* [THE PROBLEM]:
Range to copy from the entries below: the line containing "Distributed to IUP" through the line containing "خدمت از ما احراز", inclusive. Retype only those lines, exactly, without any images.

--- DATASET ---

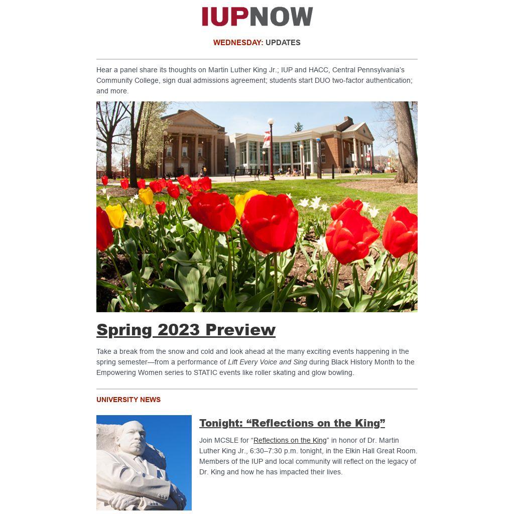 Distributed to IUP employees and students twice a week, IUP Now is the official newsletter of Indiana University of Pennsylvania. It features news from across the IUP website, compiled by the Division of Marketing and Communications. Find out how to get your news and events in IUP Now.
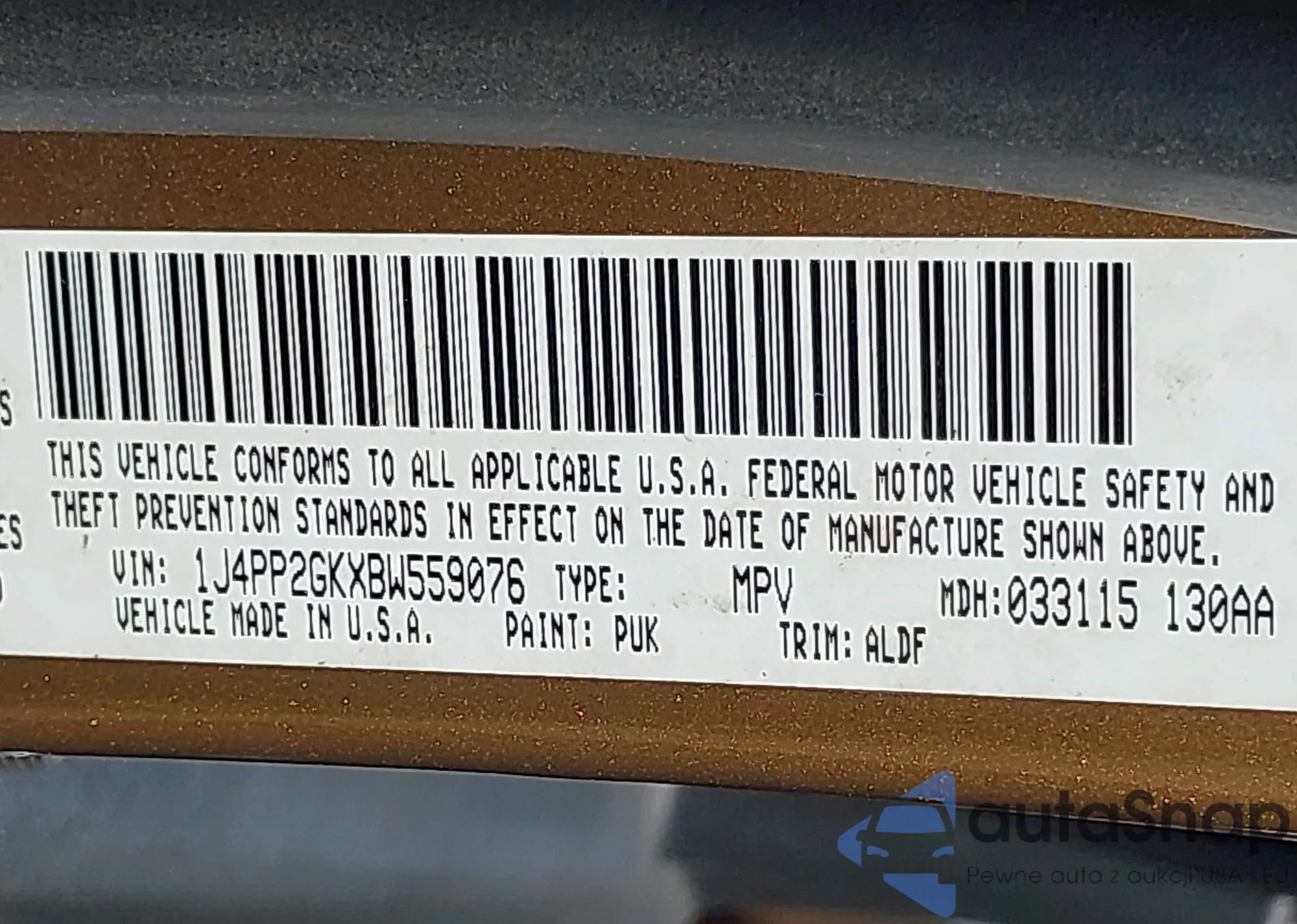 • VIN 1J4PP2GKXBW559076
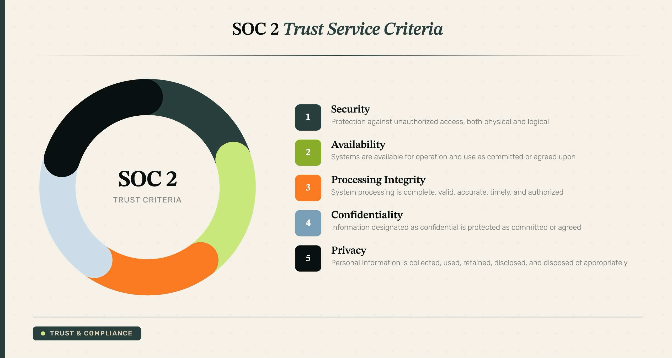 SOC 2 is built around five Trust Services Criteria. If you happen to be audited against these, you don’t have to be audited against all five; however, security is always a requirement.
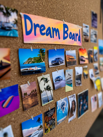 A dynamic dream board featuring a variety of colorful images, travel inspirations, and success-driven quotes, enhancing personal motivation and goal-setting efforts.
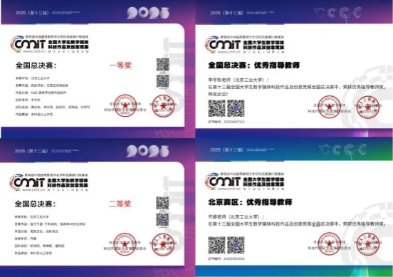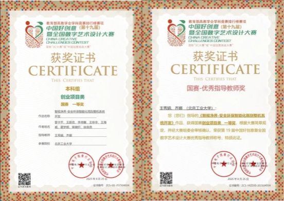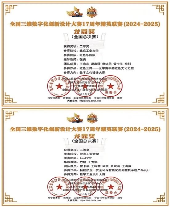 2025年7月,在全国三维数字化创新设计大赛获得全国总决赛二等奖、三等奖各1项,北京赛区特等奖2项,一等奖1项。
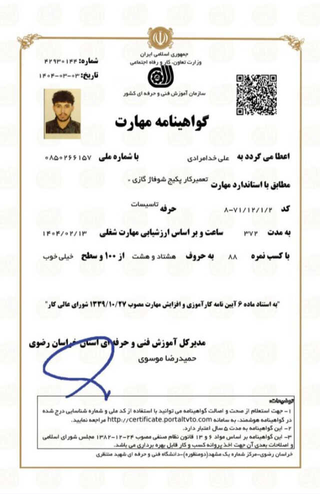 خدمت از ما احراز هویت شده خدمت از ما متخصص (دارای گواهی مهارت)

---
--- DATASET ---

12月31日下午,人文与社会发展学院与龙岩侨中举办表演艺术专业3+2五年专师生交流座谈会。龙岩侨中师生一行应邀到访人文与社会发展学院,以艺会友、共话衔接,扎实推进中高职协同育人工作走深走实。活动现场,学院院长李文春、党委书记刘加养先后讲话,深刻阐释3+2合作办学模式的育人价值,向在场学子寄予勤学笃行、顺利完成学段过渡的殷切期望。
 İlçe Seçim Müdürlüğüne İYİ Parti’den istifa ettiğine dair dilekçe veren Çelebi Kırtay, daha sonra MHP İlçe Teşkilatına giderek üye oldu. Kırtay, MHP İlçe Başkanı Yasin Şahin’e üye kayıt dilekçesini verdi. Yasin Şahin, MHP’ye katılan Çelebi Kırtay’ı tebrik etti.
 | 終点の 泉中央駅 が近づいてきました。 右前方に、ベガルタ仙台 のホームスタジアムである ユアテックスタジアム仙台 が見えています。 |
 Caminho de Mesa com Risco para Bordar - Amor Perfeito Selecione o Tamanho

---
--- DATASET ---

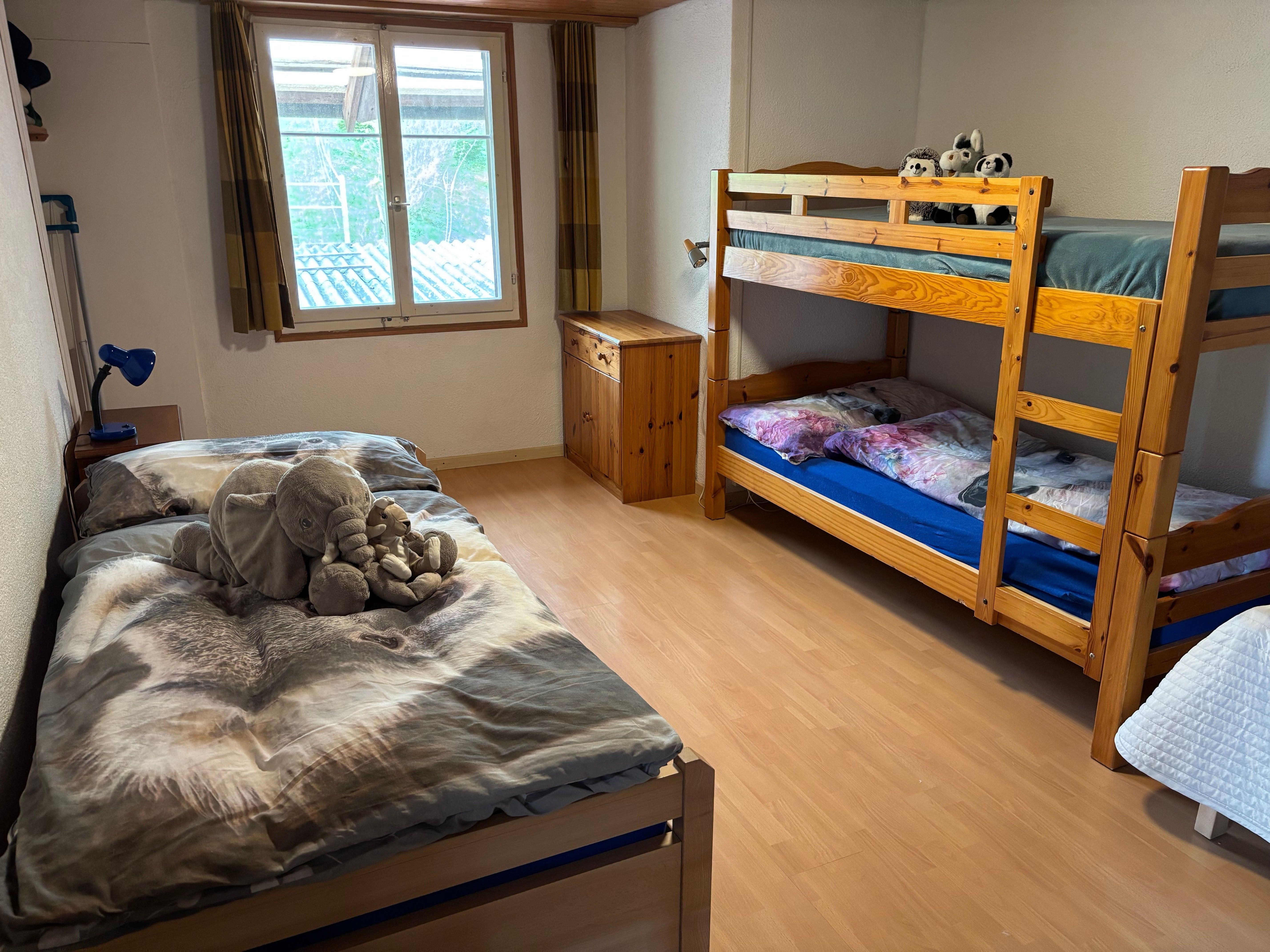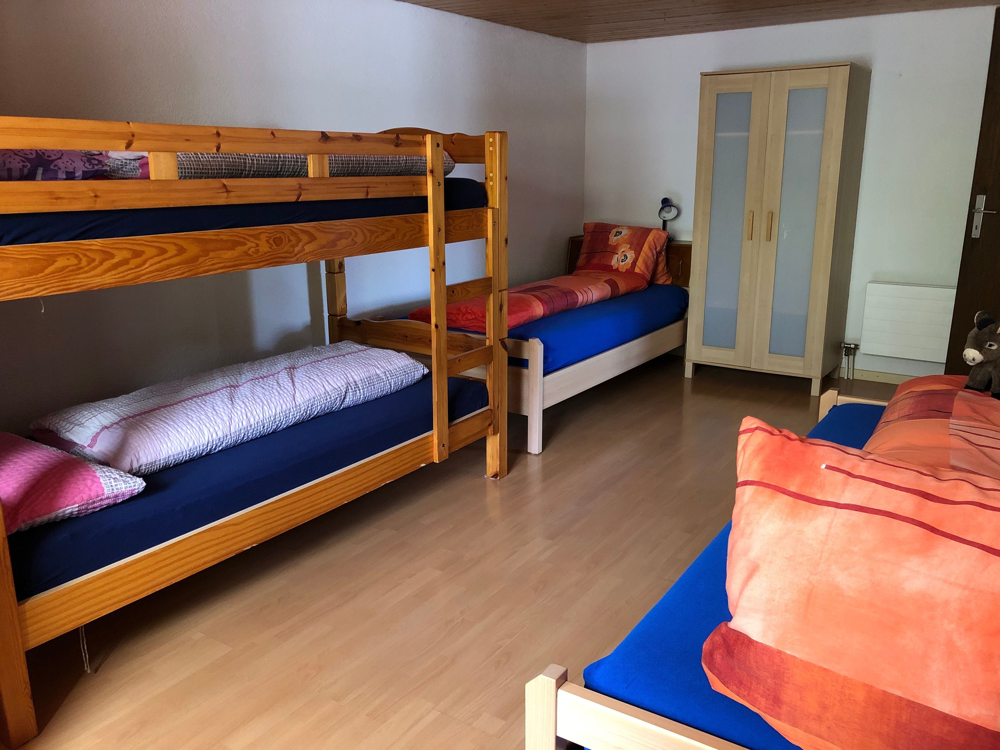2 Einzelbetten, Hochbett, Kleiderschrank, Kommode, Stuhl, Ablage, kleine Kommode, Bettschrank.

---

* [YOUR SOLUTION]:
 Distributed to IUP employees and students twice a week, IUP Now is the official newsletter of Indiana University of Pennsylvania. It features news from across the IUP website, compiled by the Division of Marketing and Communications. Find out how to get your news and events in IUP Now.
 • VIN 1J4PP2GKXBW559076
 SOC 2 is built around five Trust Services Criteria. If you happen to be audited against these, you don’t have to be audited against all five; however, security is always a requirement.
 A dynamic dream board featuring a variety of colorful images, travel inspirations, and success-driven quotes, enhancing personal motivation and goal-setting efforts.
 2025年7月,在全国三维数字化创新设计大赛获得全国总决赛二等奖、三等奖各1项,北京赛区特等奖2项,一等奖1项。
 خدمت از ما احراز هویت شده خدمت از ما متخصص (دارای گواهی مهارت)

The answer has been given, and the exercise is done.